# Please help just need friends and also looking for a caring guy



## Coolgirl2310 (Apr 3, 2013)

I could really use some friends and a boyfriend I have no one I'm very lonely and depressed I feel hated by every one around me and I could just use some people to talk to maybe even get a boyfriend I just want someone to care for me besides family!


----------



## visualkeirockstar (Aug 5, 2012)

What's up?


----------



## reaal (Jul 15, 2011)

feel free to message me, im open to talk


----------



## SJK (Feb 24, 2013)

Coolgirl2310 said:


> I could really use some friends and a boyfriend I have no one I'm very lonely and depressed I feel hated by every one around me and I could just use some people to talk to maybe even get a boyfriend I just want someone to care for me besides family!


I don't mind chatting to you, I'll drop you a PM


----------



## inerameia (Jan 26, 2012)

Hope things get better! Feel free to PM me if you like.


----------



## nwet96 (Apr 5, 2013)

Hi. I'm actually in a very similar situation as you. I feel like sometimes the only people who care are my mom and close friends, and to be honest they hurt me sometimes, whether they know it or not. I have some close friends, but they have known each other for so long that I feel like a bit of an extra wheel. I feel like none of them really know me, and sometimes I doubt that they even want to. It hurts a lot because I am sensitive and what not. As far as relationships to, nobody wants me, and I'm really self conscious so that doesn't exactly make me comfortable putting myself out there. Being prom rejected twice this year didn't help a lot either actually! That said, for you to put this out there so openly shows a certain strength that I Ike in people.
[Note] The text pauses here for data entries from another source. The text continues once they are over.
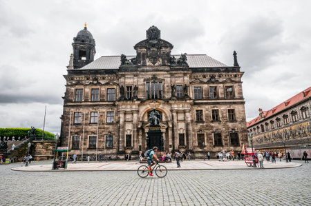 Dresden, Germany - April 22, 2024: Georgentor and the Procession of Princes the first of the city's many Renaissance buildings, Dresden, Germany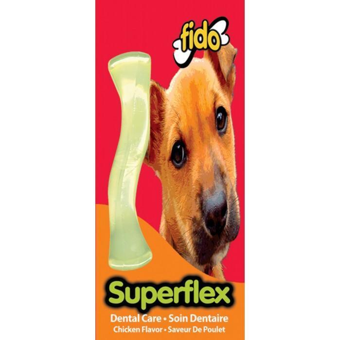 Medium Fido Superflex Bone Chicken Flavour is a flexible, tough and tender chew toy for dogs. The large Fido bone measures 22cm. Fido Dental Chew Bone has been designed to reduce plaque formation in your dog's mouth.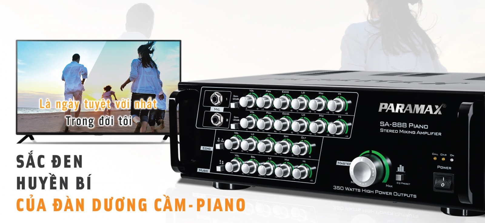 PARAMAX SA-888 Piano được thiết kế hướng tới chất âm tinh tế cùng công suất mạnh mẽ giúp giọng hát trở nên nội lực và cảm xúc. Sản phẩm mới này mang dáng vẻ sang trọng độc nhất này dường như khó có thể tìm thấy trên thị trường ampli karaoke hiện nay. Không chỉ đẹp và nổi bật, ampli SA-888 Piano còn được trang bị nút nhấn EQ Preset tạo hiệu ứng âm thanh Cực mạnh khi tái hiện các dòng nhạc sôi động như EDM, Remix…

So I'll message you or whatever and maybe we can see if this friendship could be a really cool thing.


----------



## 3qui1ibrium (Aug 16, 2012)

Dont worry, be happy! We can talk if you want


----------



## 150274 (Mar 23, 2013)

Hello, you can chat with me anytime.


----------



## Safe (Apr 8, 2013)

And I'm yet another you can start a chat with.


----------



## nooneknowsmyname (Feb 4, 2013)

I like how all the replies are of the male gender.


----------



## handsupmidnight (Mar 4, 2013)

nooneknowsmyname said:


> I like how all the replies are of the male gender.


Totally just a coincidence lol


----------



## narc0leptic (Apr 13, 2013)

bahahah well I'm a lady you can be sure to pm and talk about boys and such if you want, hon, my message box is open anytime!


----------



## wordscancutyoulikeglass (May 4, 2012)

narc0leptic said:


> bahahah well I'm a lady you can be sure to pm and talk about boys and such if you want, hon, my message box is open anytime!


Mine too, CoolGirl


----------



## Martimnp (Aug 20, 2013)

You can Pm if you want.


----------



## Ntln (Apr 27, 2012)

I'll be your friend if you want. However, I don't think it's a good idea for you to go actively looking for a boyfriend online, especially on a site like this. It pretty much never ends well.


----------



## Wunderblitz (Jan 4, 2014)

PM me if you want.


----------



## Ignopius (Mar 19, 2013)

Ntln said:


> I'll be your friend if you want. However, I don't think it's a good idea for you to go actively looking for a boyfriend online, especially on a site like this. It pretty much never ends well.


I agree. It's ok to befriend guys on here and message them, but I would not consider dating any of them. Sorry its much better for you to find a man in real life that will love and care about you!

But if your looking for a friend and someone to message. You can always message me or add me on skype or kik. =)


----------



## pop punk (Jan 5, 2014)

*THIS IS NOT A DATING WEBSITE* girl, you're just setting yourself up to get in trouble. you shouldnt post stuff like this online because some people will stalk you..


----------